On 16 March 2013 01:19, Sanne Grinovero <sanne at infinispan.org> wrote:
> Hi Adrian,
> let's forget about Lucene details and focus on DIST.
> With numOwners=1 and having two nodes the entries should be stored
> roughly 50% on each node, I see nothing wrong with that
> considering you don't need data failover in a read-only use case
> having all the index available in the shared CacheLoader.
>
> In such a scenario, and having both nodes preloaded all data, in case
> of a get() operation I would expect
> either:
>  A) to be the owner, hence retrieve the value from local in-JVM reference
>  B) to not be the owner, so to forward the request to the other node
> having roughly 50% chance per key to be in case A or B.
>
> But when hitting case B) it seems that instead of loading from the
> other node, it hits the CacheLoader to fetch the value.
>
> I already had asked James to verify with 4 nodes and numOwners=2, the
> result is the same so I suggested him to ask here;
> BTW I think numOwners=1 is perfectly valid and should work as with
> numOwners=1, the only reason I asked him to repeat
> the test is that we don't have much tests on the numOwners=1 case and
> I was assuming there might be some (wrong) assumptions
> affecting this.
>
> Note that this is not "just" a critical performance problem but I'm
> also suspecting it could provide inconsistent reads, in two classes of
> problems:
>
> # non-shared CacheStore with stale entries
> If for non-owned keys it will hit the local CacheStore first, where
> you might expect to not find anything, so to forward the request to
> the right node.

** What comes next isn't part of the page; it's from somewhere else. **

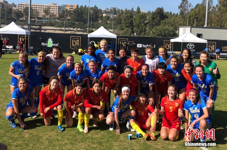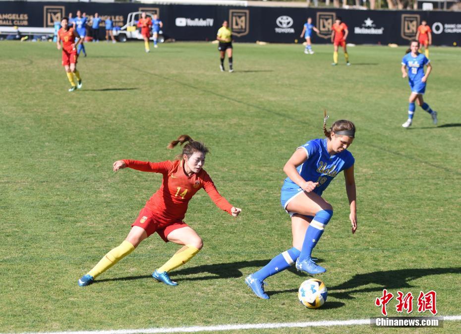 当地时间2月9日上午,正在美国洛杉矶冬训的中国国家女子足球队对战2017年全美女足大学联赛亚军加州大学洛杉矶分校女足。这是中国女足此次海外拉练的第三场比赛,中国队以4比0取胜。中新社记者 张朔 摄

What if this node has been the owner in the past? It
> might have an old entry locally stored, which would be returned
> instead of the correct value which is owned on a different node.
>
> # shared CacheStore using write-behind
> When using an async CacheStore by definition the content of the
> CacheStore is not trustworthy if you don't check on the owner first
> for entries in memory.
>
> Both seem critical to me, but the performance impact is really bad too.
>
> I hoped to make some more tests myself but couldn't look at this yet,
> any help from the core team would be appreciated.
>
> @Ray, thanks for mentioning the ClusterCacheLoader. Wasn't there
> someone else with a CacheLoader issue recently who had worked around
> the problem by using a ClusterCacheLoader ?

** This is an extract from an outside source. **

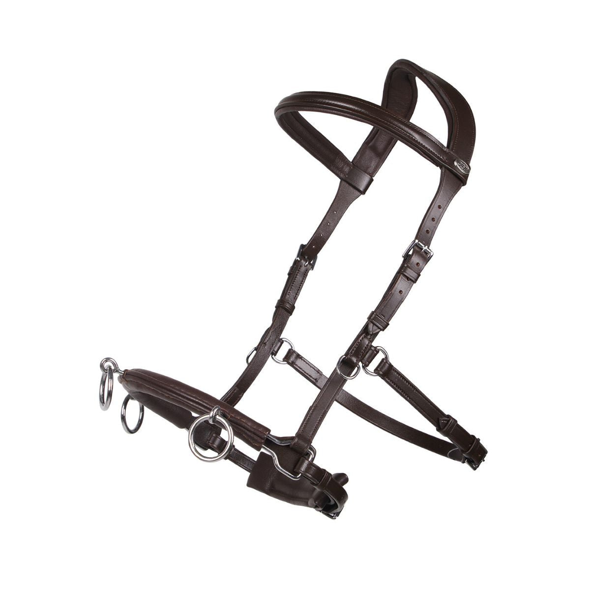 Multifunktionel læder kapsun fra QHP. Kapsun i læder i anatomisk design. Kapsunen er designet så den også kan bruges som trense ved hjælp af de aftagelig bid clips. Derved kan den bruges med eller uden bid. Der er 3 d-ringe på næsebåndet som kan bruges til longering. Anatomisk design der forhindrer unødigt pres på hesten hoved. Fås i pony, cob og full i brun og sort (dec 2021).

> Do you remember what the scenario was?
>
> Cheers,
> Sanne
>
> On 15 March 2013 15:44, Adrian Nistor <anistor at redhat.com> wrote:
>> Hi James,
>>
>> I'm not an expert on InfinispanDirectory but I've noticed in [1] that
>> the lucene-index cache is distributed with numOwners = 1. That means
>> each cache entry is owned by just one cluster node and there's nowhere
>> else to go in the cluster if the key is not available in local memory,
>> thus it needs fetching from the cache store. This can be solved with
>> numOwners > 1.
>> Please let me know if this solves your problem.
>>
>> Cheers!
>>
>> On 03/15/2013 05:03 PM, James Aley wrote:
>>> Hey all,
>>>
>>> <OT>
>>> Seeing as this is my first post, I wanted to just quickly thank you
>>> all for Infinispan. So far I'm really enjoying working with it - great
>>> product!
>>> </OT>
>>>
>>> I'm using the InfinispanDirectory for a Lucene project at the moment.
>>> We use Lucene directly to build a search product, which has high read
>>> requirements and likely very large indexes. I'm hoping to make use of
>>> a distribution mode cache to keep the whole index in memory across a
>>> cluster of machines (the index will be too big for one server).
>>>
>>> The problem I'm having is that after loading a filesystem-based Lucene
>>> directory into InfinispanDirectory via LuceneCacheLoader, no nodes are
>>> retrieving data from the cluster - they instead look up keys in their
>>> local CacheLoaders, which involves lots of disk I/O and is very slow.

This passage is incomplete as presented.